- _REQUIRED WORK_: Every line below is to be set down again exactly; any image stays out.

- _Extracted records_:
____
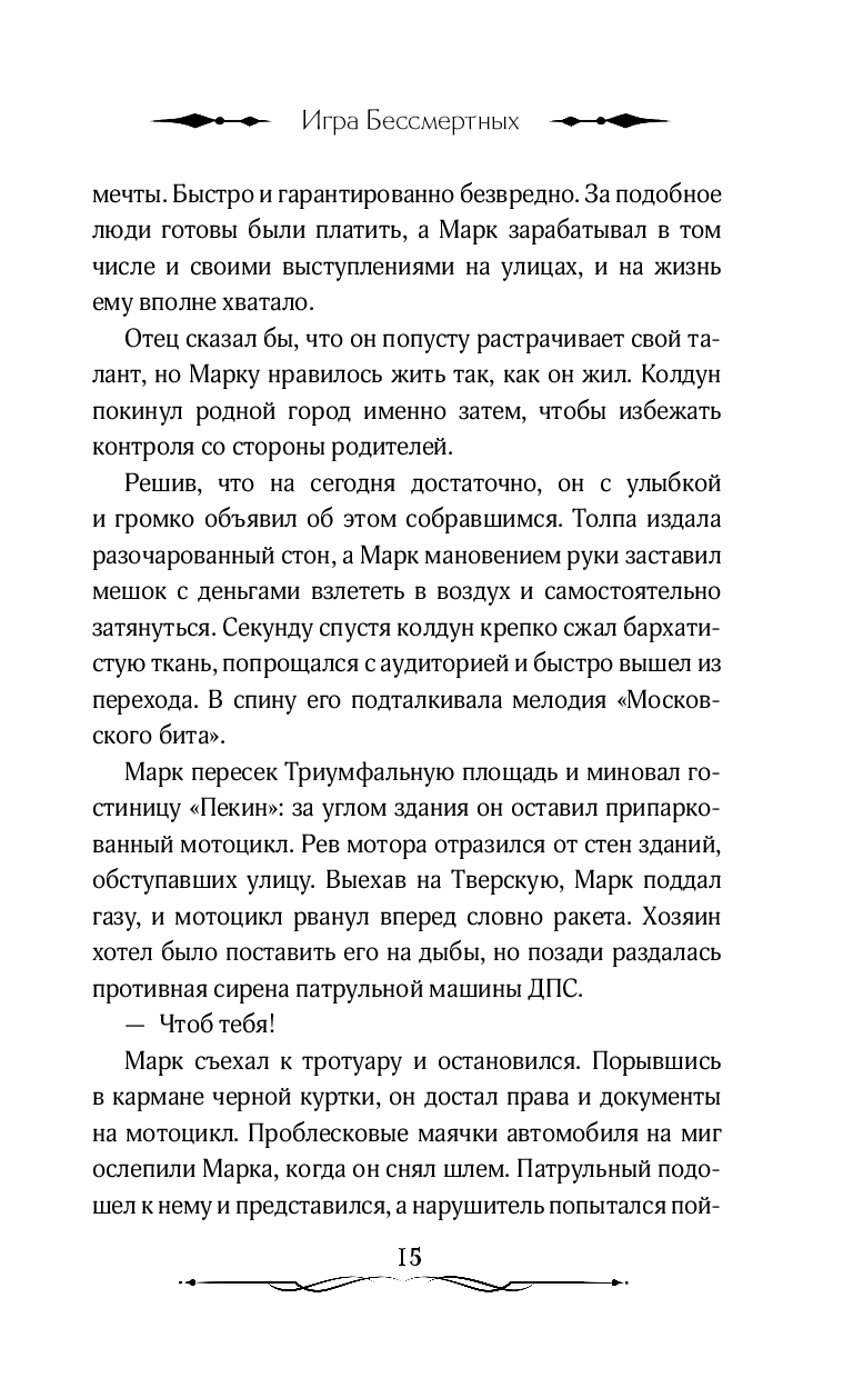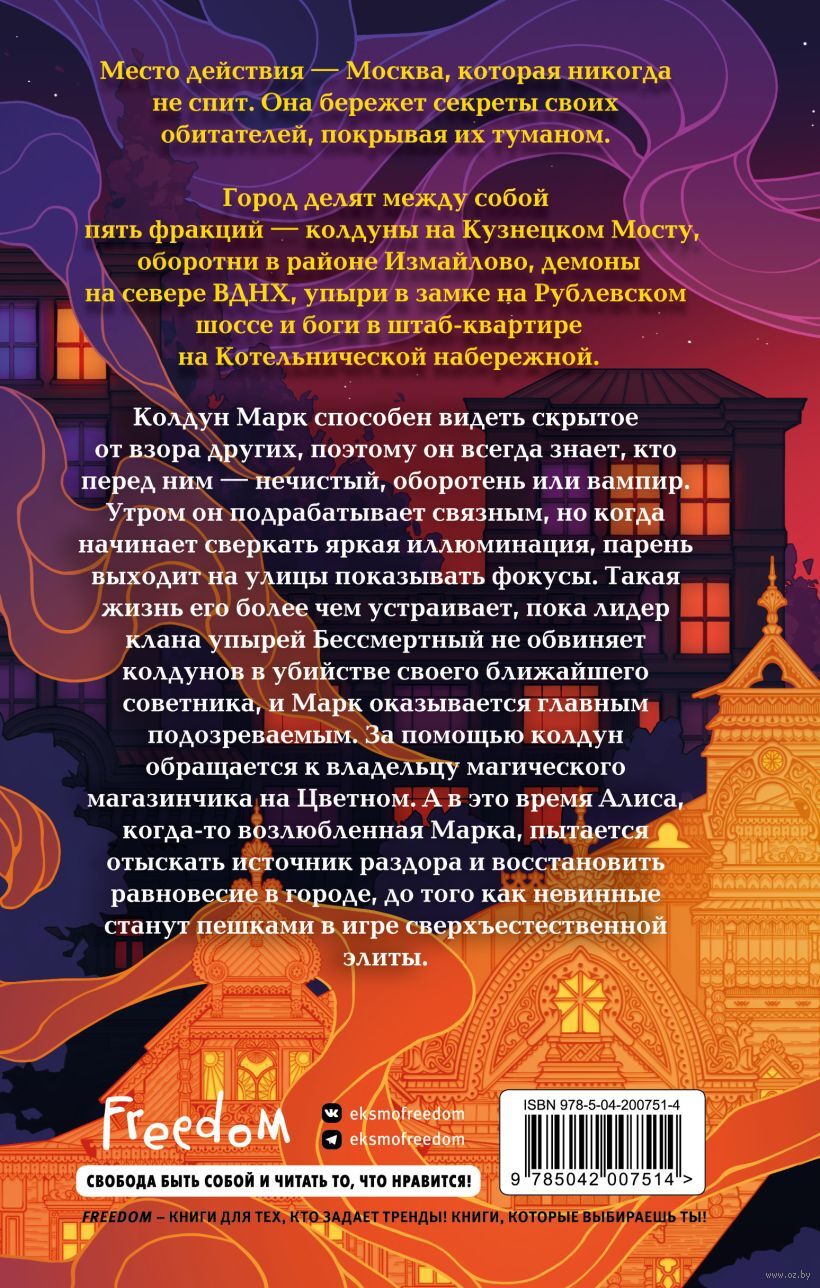 Колдун Марк способен видеть скрытое от взора других, поэтому он всегда знает, кто перед ним – нечистый, оборотень или вампир. Утром он подрабатывает связным, но когда начинает сверкать яркая иллюминация, парень выходит на улицы показывать фокусы. Такая жизнь его более чем устраивает, пока лидер клана упырей Бессмертный не обвиняет колдунов в убийстве своего ближайшего советника, и Марк оказывается главным подозреваемым. За помощью колдун обращается к владельцу магического магазинчика на Цветном. А в это время Алиса, когда-то возлюбленная Марка, пытается отыскать источник раздора и восстановить равновесие в городе, пока невинные не стали пешками в игре сверхъестественной элиты.
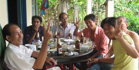 | Des amis vietnamiens et français autour de la table dans la province de Tiên Giang (Sud) lors de la Fête nationale du 2 septembre. |
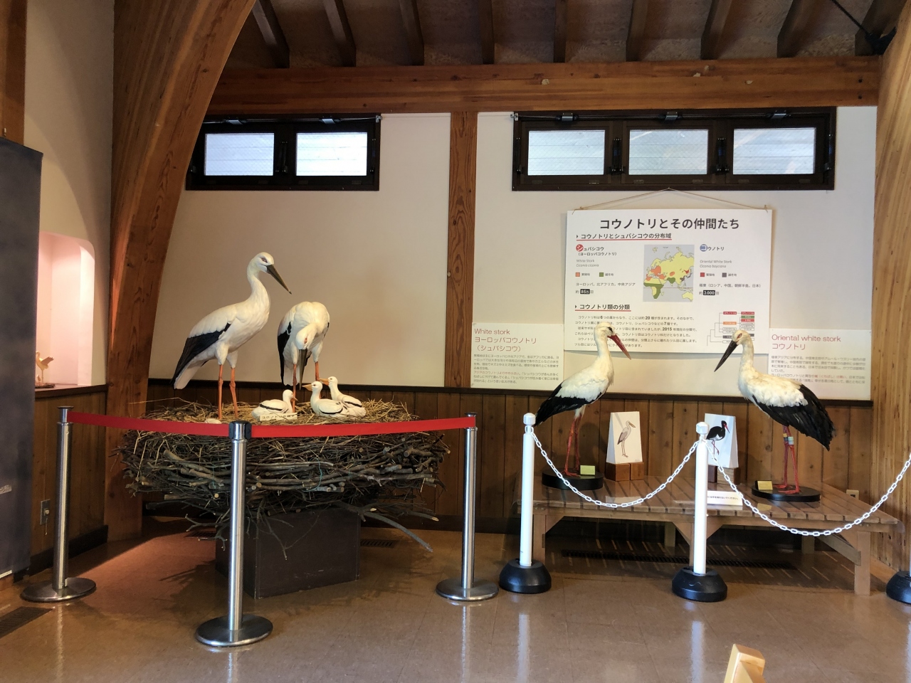 屋外で飼育されているコウノトリを見られます。飼育されているコウノトリは思ったよりも少なかったですが、間近でコウノトリを見られて貴重でした。また、「コウノトリ文化館」という施設もあり、コウノトリに関する展示や解説員による説明が聞けました。
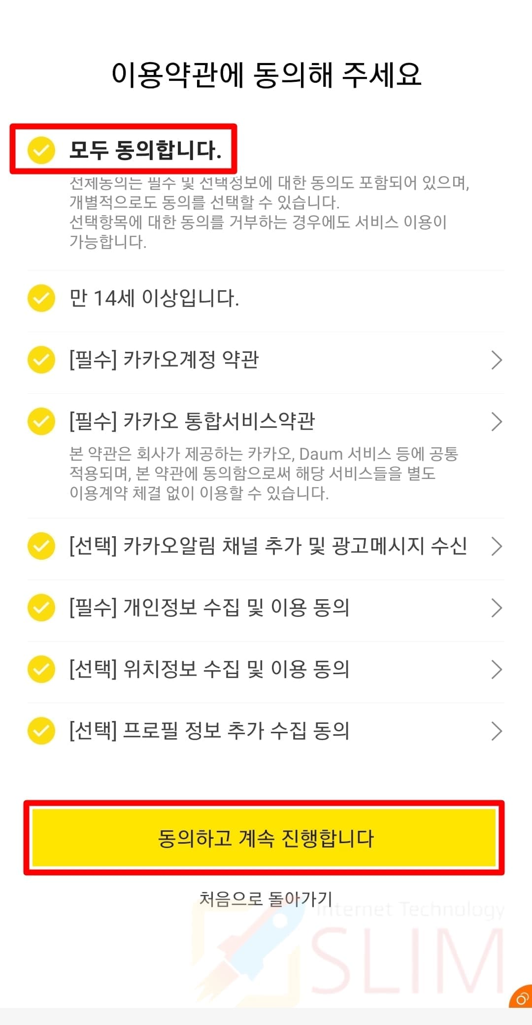 11. 모두 동의하고 계속 진행합니다.
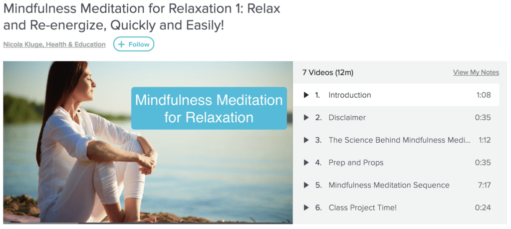 This quick class will teach you how to relax your mind and body, teach you why mindfulness is important, and then it will also guide you through a meditation.
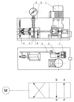 電動機經蝸輪蝸桿減速后,由偏心輪2帶動連桿3 作直線往復運動。由于連桿末端所連動的彈簧機構4的作用,使二位四通閥5中的滑芯桿6產生急速的推拉動作,從而改變二位四通閥各油口的聯接方式,達到液流換向的目的。此時,偏心輪旋轉了180°到達另一個死點位置,觸動了限位開關7。限位開關即可送出脈沖信號,停止閥電機運行,完成了一個工作過程。壓力表8裝于防護罩9頂部用于監視閥內的工作壓力。
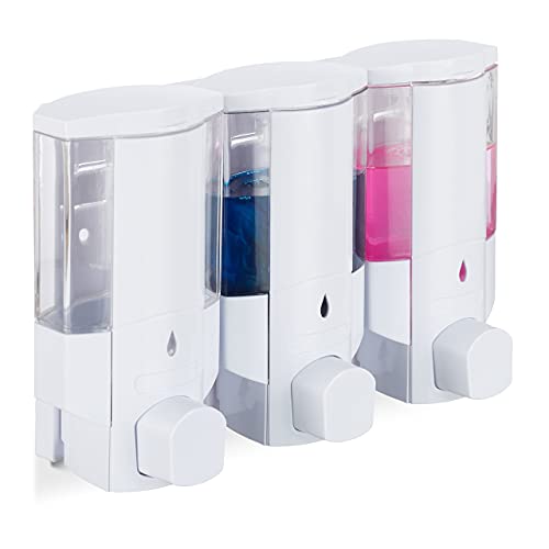 Relaxdays Dispenser di sapone a 3 scomparti, montaggio a parete, 300 ml, igienico, ricaricabile, per bagno e cucina, colore: bianco/trasparente
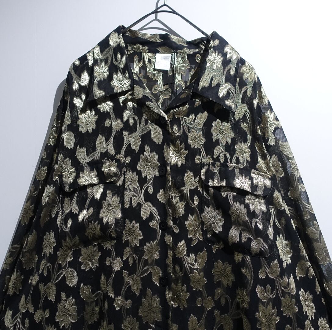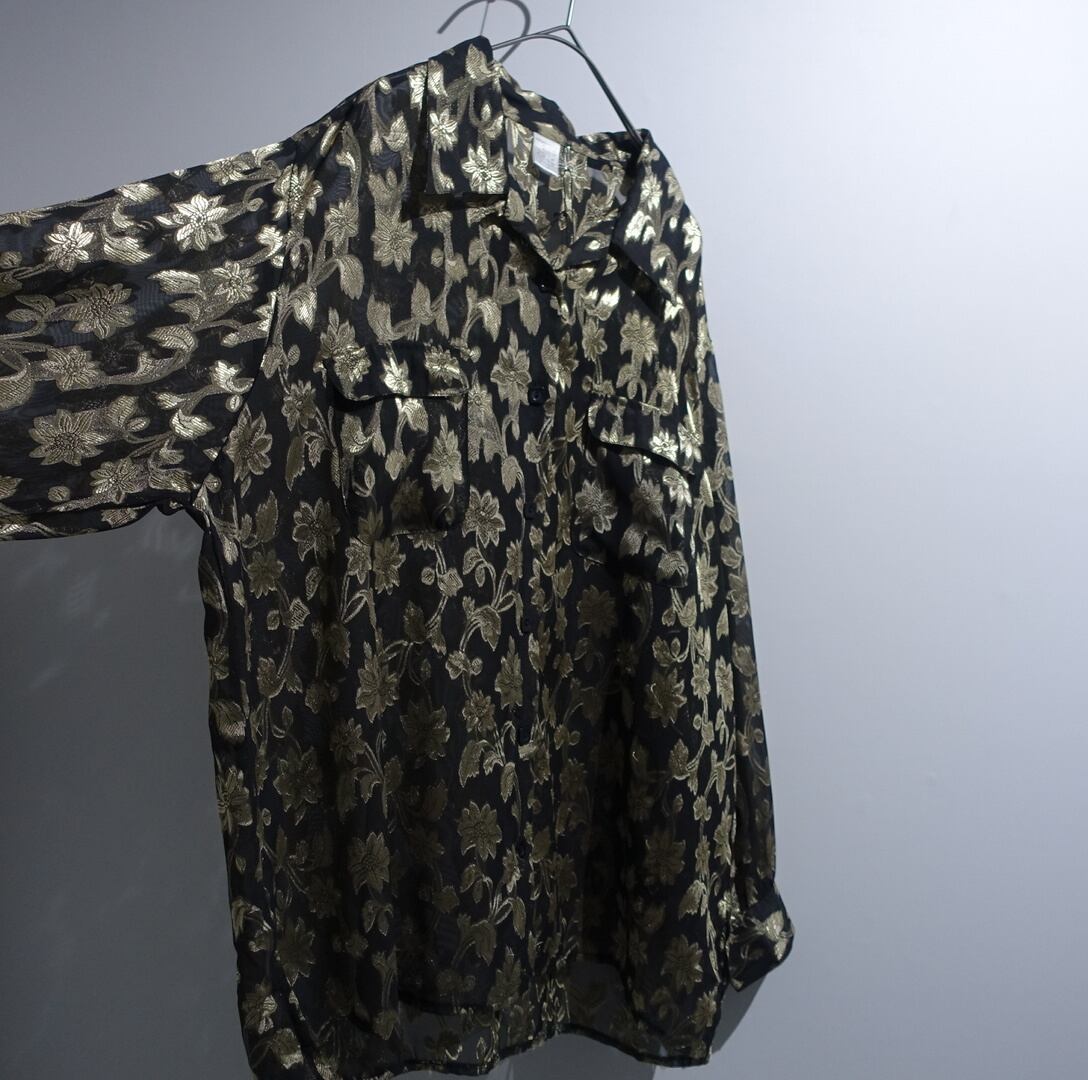 EURO Flower Pattern Jacquard Design See-Through Shirt
____
- _ANSWER TO THIS TASK_:
 Колдун Марк способен видеть скрытое от взора других, поэтому он всегда знает, кто перед ним – нечистый, оборотень или вампир. Утром он подрабатывает связным, но когда начинает сверкать яркая иллюминация, парень выходит на улицы показывать фокусы. Такая жизнь его более чем устраивает, пока лидер клана упырей Бессмертный не обвиняет колдунов в убийстве своего ближайшего советника, и Марк оказывается главным подозреваемым. За помощью колдун обращается к владельцу магического магазинчика на Цветном. А в это время Алиса, когда-то возлюбленная Марка, пытается отыскать источник раздора и восстановить равновесие в городе, пока невинные не стали пешками в игре сверхъестественной элиты.
 | Des amis vietnamiens et français autour de la table dans la province de Tiên Giang (Sud) lors de la Fête nationale du 2 septembre. |
 屋外で飼育されているコウノトリを見られます。飼育されているコウノトリは思ったよりも少なかったですが、間近でコウノトリを見られて貴重でした。また、「コウノトリ文化館」という施設もあり、コウノトリに関する展示や解説員による説明が聞けました。
 11. 모두 동의하고 계속 진행합니다.
 This quick class will teach you how to relax your mind and body, teach you why mindfulness is important, and then it will also guide you through a meditation.
 電動機經蝸輪蝸桿減速后,由偏心輪2帶動連桿3 作直線往復運動。由于連桿末端所連動的彈簧機構4的作用,使二位四通閥5中的滑芯桿6產生急速的推拉動作,從而改變二位四通閥各油口的聯接方式,達到液流換向的目的。此時,偏心輪旋轉了180°到達另一個死點位置,觸動了限位開關7。限位開關即可送出脈沖信號,停止閥電機運行,完成了一個工作過程。壓力表8裝于防護罩9頂部用于監視閥內的工作壓力。
 Relaxdays Dispenser di sapone a 3 scomparti, montaggio a parete, 300 ml, igienico, ricaricabile, per bagno e cucina, colore: bianco/trasparente
 EURO Flower Pattern Jacquard Design See-Through Shirt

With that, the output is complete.